TASK PROMPT: Each line from the one with "- Advantage:Nilight window" through the last line below must be written out exactly. Do not copy pictures.

DATA PROVIDED:
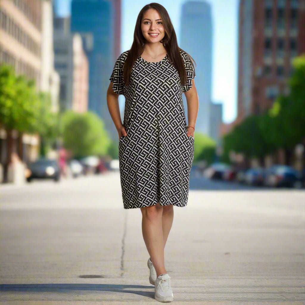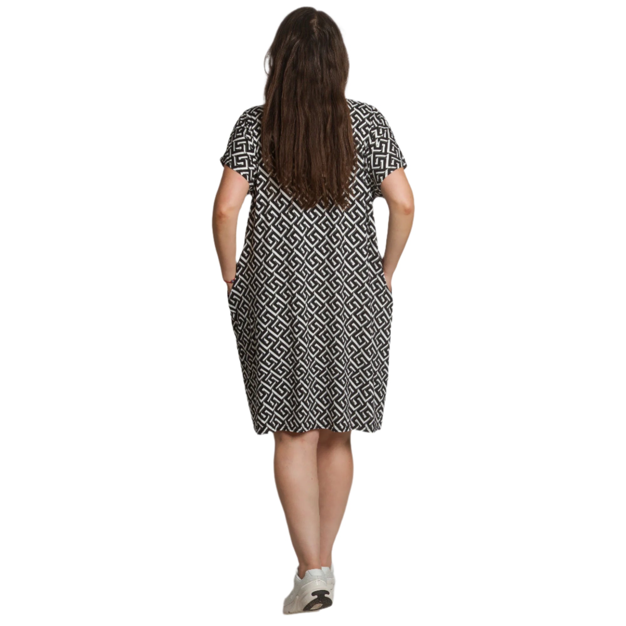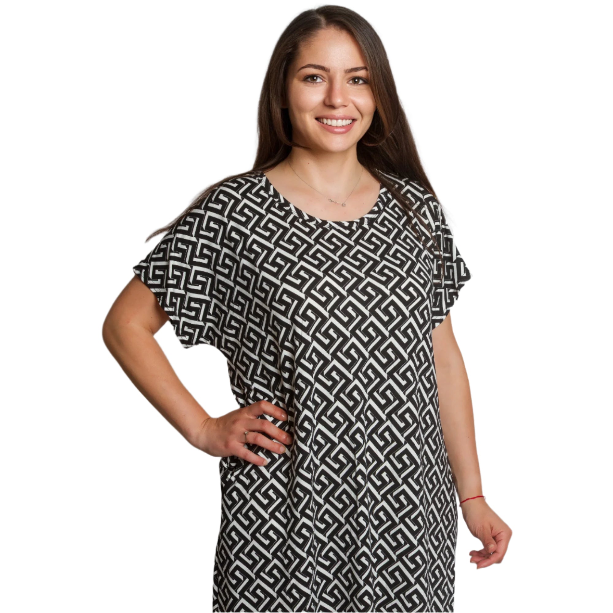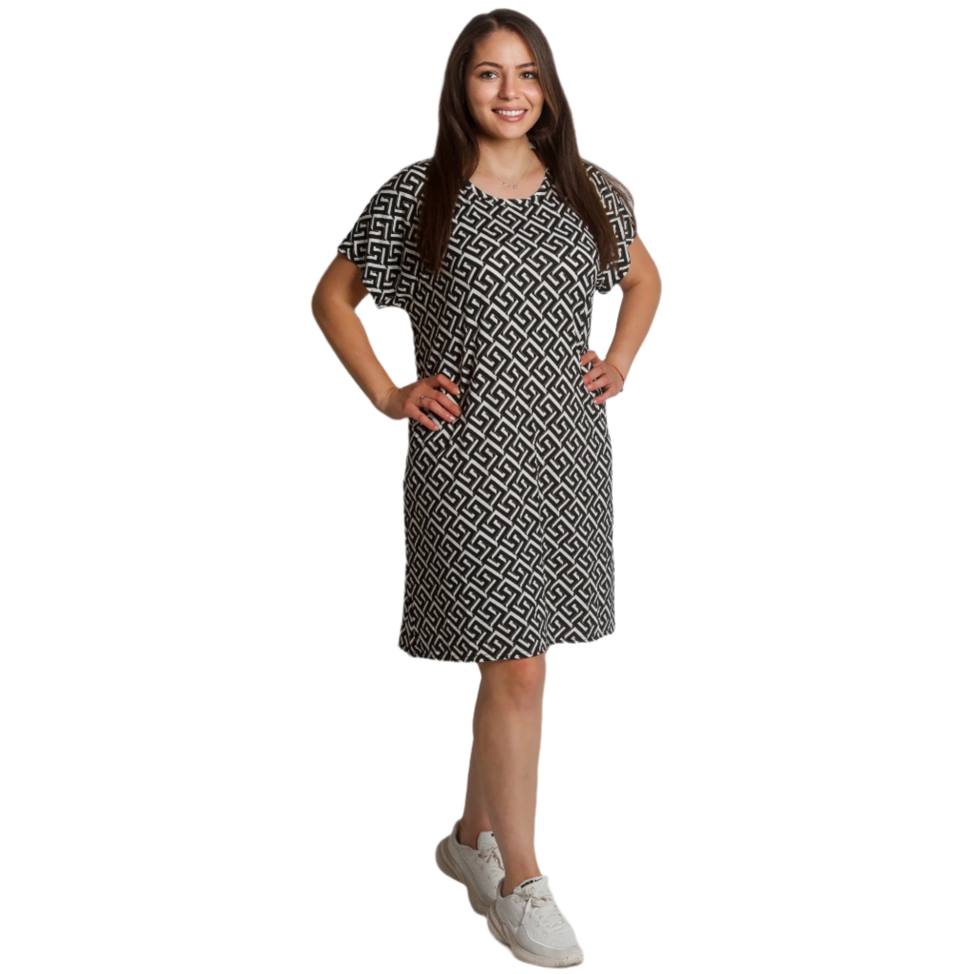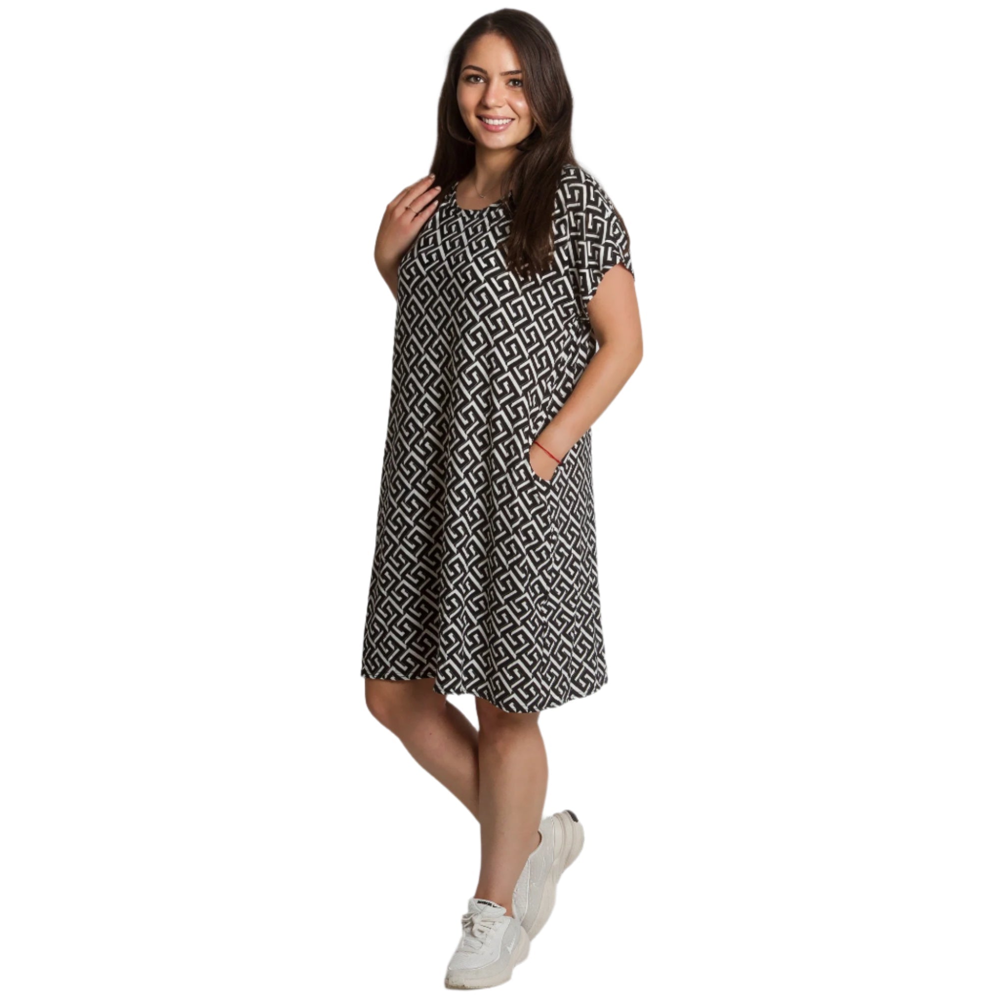 Confort și stil într-un singur lucru – această rochie neagră cu model geometric alb este alegerea perfectă pentru sezonul primăvară-vară. Confecționată din material moale și elastic, oferă libertate de mișcare și este potrivită atât pentru viața de zi cu zi, cât și pentru ocazii mai formale. Croiul evazat accentuează talia fără a fi strâmtă, iar buzunarele practice adaugă funcționalitate aspectului modern. Decolteul rotund și mânecile scurte conferă un farmec casual siluetei de ansamblu.
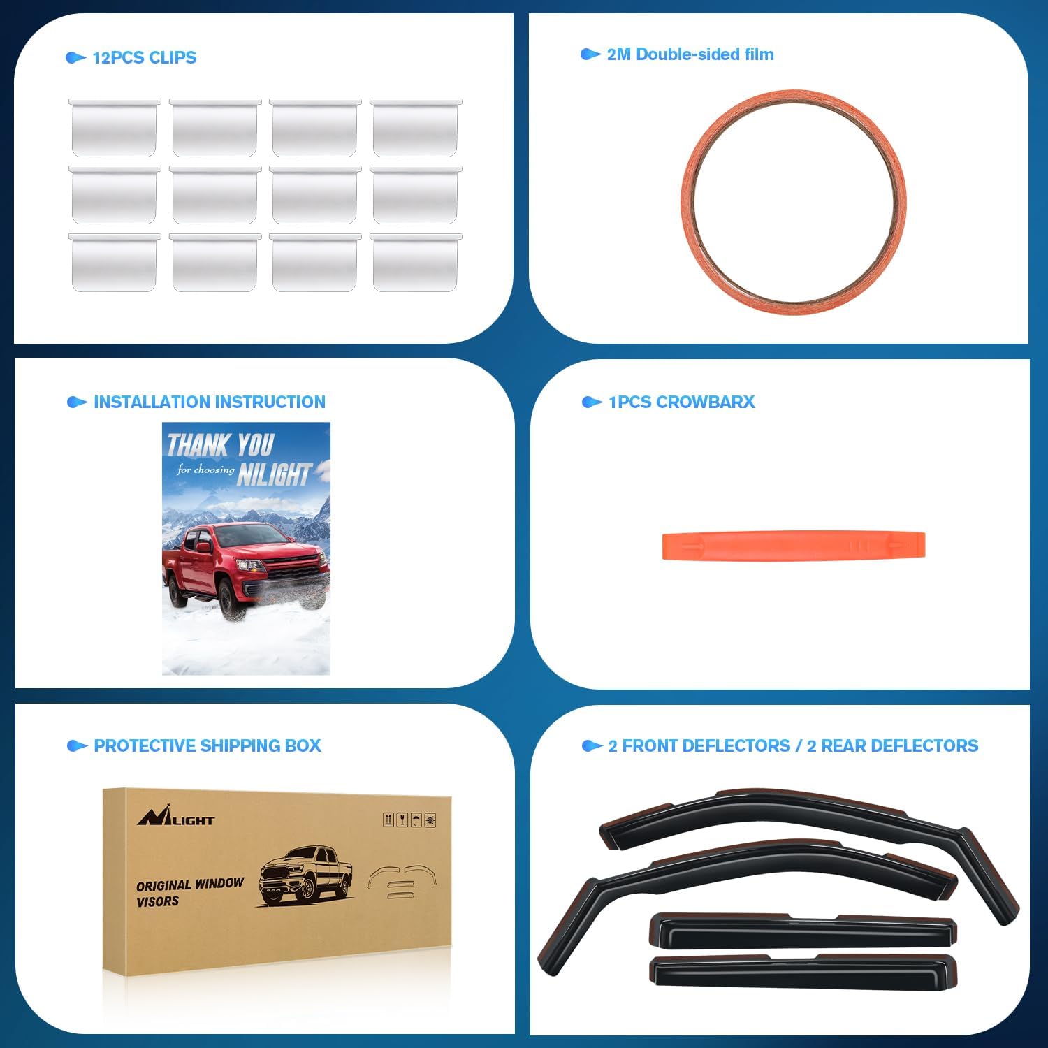 - Advantage:Nilight window deflectors are great for all weather conditions,help improve ventilation inside and outside your car to reduce mirror and window fogging while increasing air circulation。With our side window deflectors, it deflects the rain and noise away from your windows to make your driving more enjoyable
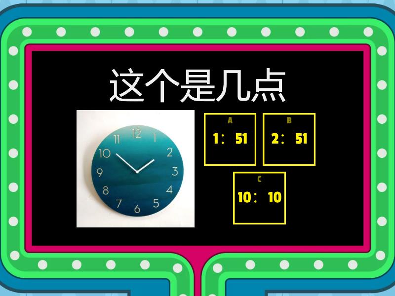 1) 1个小时有多少分钟 a) 60分钟 b) 44分钟 c) 30分钟 2) 1分钟有多少秒 a) 230秒 b) 10秒 c) 60秒 3) 这个是几点 a) 10:2 b) 10:10 c) 9:10 4) 这个是几点 a) 1:51 b) 2:51 c) 10:10 5) 100分钟+1小时= a) 2小时40分钟 b) 2小时30分钟 c) 3小时40分钟 6) 5小时30分钟-1小时50分钟= a) 3小时40分钟 b) 4小时20分钟 c) 3小时40分钟 7) 30分钟+1小时50分钟= a) 2小时20分钟 b) 1小时20分钟 c) 1小时80分钟 8) 1分钟30秒+2分钟40秒=多少秒 a) 250秒 b) 240秒 c) 249秒
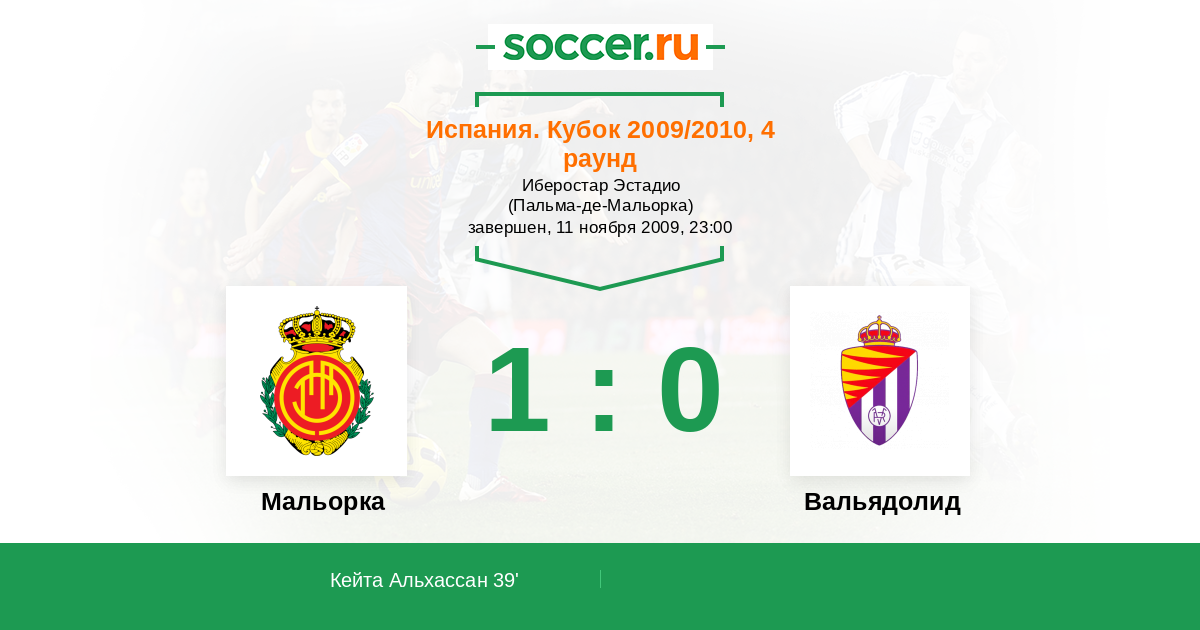 Испания. Кубок 29.10.2009 Вальядолид Логотип футбольный клуб Вальядолид 2:1 Логотип футбольный клуб Мальорка (Пальма-де-Мальорка) Мальорка

RESULT:
 - Advantage:Nilight window deflectors are great for all weather conditions,help improve ventilation inside and outside your car to reduce mirror and window fogging while increasing air circulation。With our side window deflectors, it deflects the rain and noise away from your windows to make your driving more enjoyable
 1) 1个小时有多少分钟 a) 60分钟 b) 44分钟 c) 30分钟 2) 1分钟有多少秒 a) 230秒 b) 10秒 c) 60秒 3) 这个是几点 a) 10:2 b) 10:10 c) 9:10 4) 这个是几点 a) 1:51 b) 2:51 c) 10:10 5) 100分钟+1小时= a) 2小时40分钟 b) 2小时30分钟 c) 3小时40分钟 6) 5小时30分钟-1小时50分钟= a) 3小时40分钟 b) 4小时20分钟 c) 3小时40分钟 7) 30分钟+1小时50分钟= a) 2小时20分钟 b) 1小时20分钟 c) 1小时80分钟 8) 1分钟30秒+2分钟40秒=多少秒 a) 250秒 b) 240秒 c) 249秒
 Испания. Кубок 29.10.2009 Вальядолид Логотип футбольный клуб Вальядолид 2:1 Логотип футбольный клуб Мальорка (Пальма-де-Мальорка) Мальорка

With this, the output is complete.